The Sports Guy has written recently about the relative probabilities of going undefeated in the NFL and in a given fantasy football league. Simmons skips the obvious historical approach--getting the a fantasy stats service to tell him how many teams go undefeated and comparing the incidence with the NFL's history--but he offers good reasons for thinking the undefeated fantasy season the rarer achievement. I'll add a couple of thoughts about the role of incentives in the comparison.

Many of Simmons's points boil down to the simple fact that fantasy results are hard to control due to misaligned incentives. If the Patriots are winning by three touchdowns and your fantasy team needs Tom Brady to through for two more, you're out of luck because Brady doesn't care what you need. His incentives are different from yours. Incidentally, this scenario demonstrates why I think fantasy baseball is a better pretend sport than fantasy football: in baseball, Manny Ramirez is going to try to hit well whenever he comes to the plate. His incentives are aligned with his fantasy owners' because there's no way to run out a clock.

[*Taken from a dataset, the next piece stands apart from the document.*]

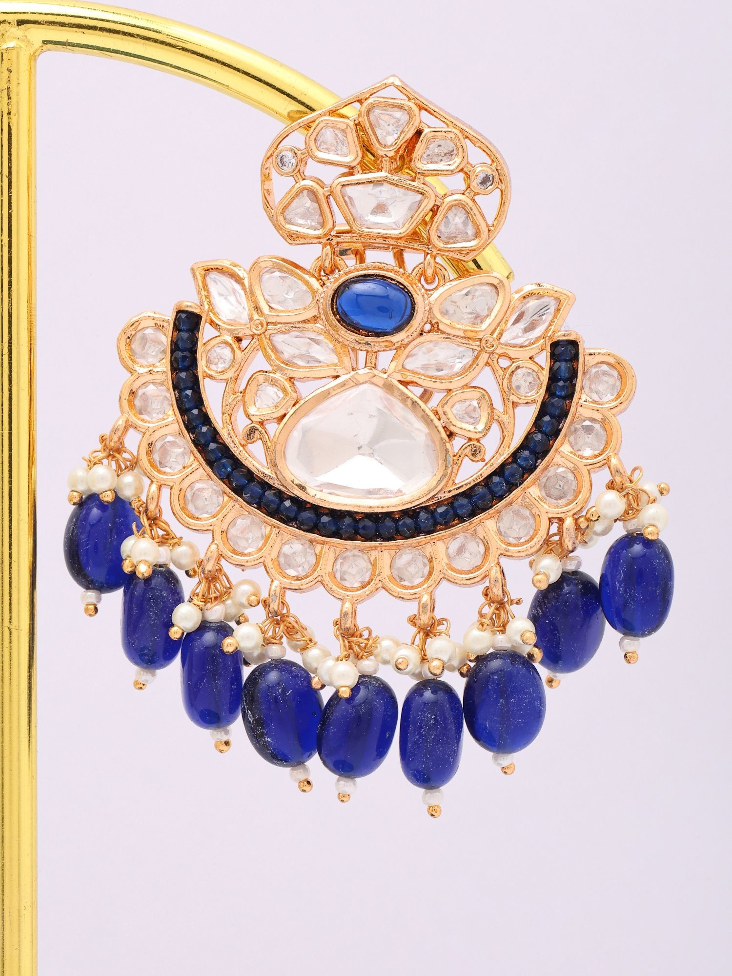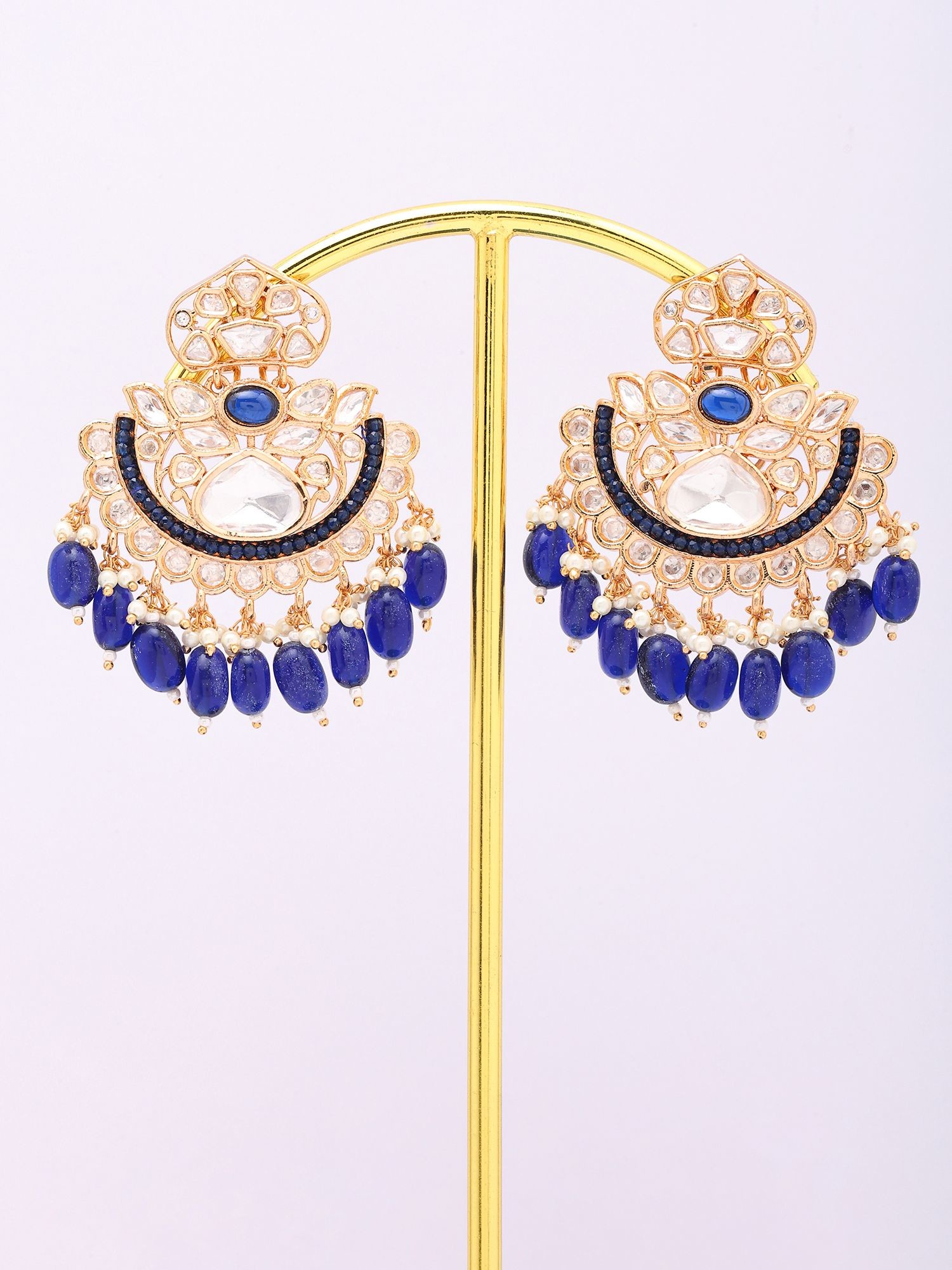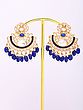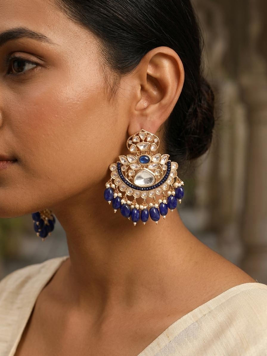 Statement Kundan Earrings with Cascading Blue Beads
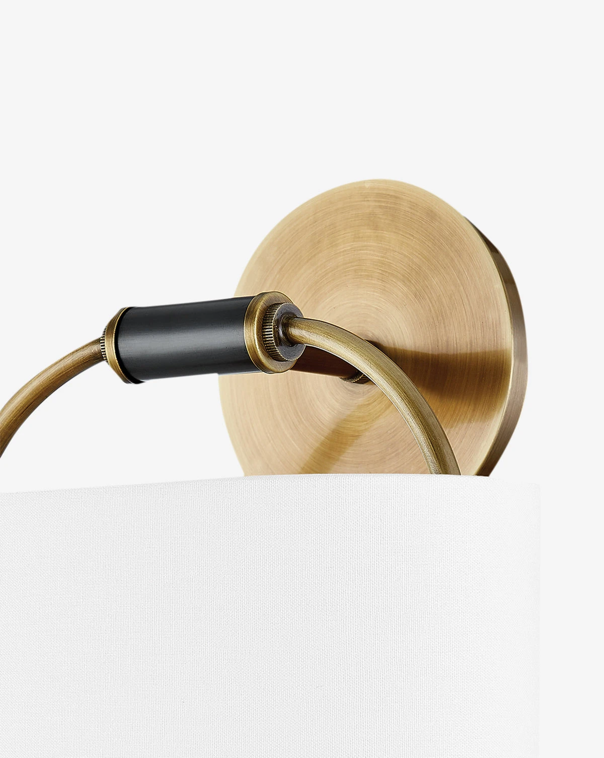 In an elegant design, the Pete Wall Sconce blends traditional materials with a contemporary feel. Its white linen shade is suspended by an exaggerated hook to complement its circular backplate. With a seamless mix of materials, this sconce brings warm light to any room.

(Side note: the latest Nobel prize in economics was awarded for work on mechanism designs that maximize incentive alignments. Here is one explanation of the work.)

OK, so the point is that misaligned incentives make fantasy football tougher to control. But there's also a contrary influence of incentives. In most fantasy football leagues, every team is trying to win a given year's championship. In the NFL, some teams are trying to win the Superbowl, but many of them are looking at least partly to the future, some are in full rebuilding mode, and a few are coasting along on low salaries to soak up guaranteed profits through revenue sharing. Therefore, the NFL is guaranteed to have unbalanced resources, with a handful of really good teams standing in the way of any undefeated season. It would be much easier to sweep a league that disbanded every team each year.

How do these variously misaligned incentives shake out to answer Simmons's question? I don't know. I'd love to see some data.

Wednesday, October 24, 2007

The Rockies' momentum

I've loved watching the Rockies win game after game lately. I have not loved media speculation about whether the layoff between the team's last playoff game and the World Series will break their momentum. Momentum plays a big role in commentary about sports, but statistical analyses have found consistently that independence generally trumps momentum. Thomas Gilovich's wonderful debunking of the basketball "hot hand" in How We Know What Isn't So is a great early example.

The streak has demonstrated that the Rockies are a better team than almost anybody imagined a couple of months ago. They have higher real and Pythagorean winning percentages, and their terrific pitching staff seems to have been solidified by mid-season shifts in the roster and role assignments. The team will now face its toughest opponent and toughest arena. To think of momentum or its dissipation as the central issue of the Series is a distraction. The Series will be determined by the quality of the teams and the quirks of short-series baseball, not whether the Rockies have continued to please the God of Momentum.

Tuesday, October 23, 2007

Peer effects in golf

Tim Harford posts about a new piece of economics research finding no peer effects in professional golf tournaments. That is, according to the researchers, golfers aren't affected by the quality of their playing partners in tournaments.

I've long been skeptical of peer effects in golf. But the general finding doesn't (as far as I know) address the key specific question: does being paired with Tiger Woods on Sunday hurt other golfers? Just about everyone thinks so, but I'm skeptical because there's a simple explanation for the appearance of a Tiger Effect.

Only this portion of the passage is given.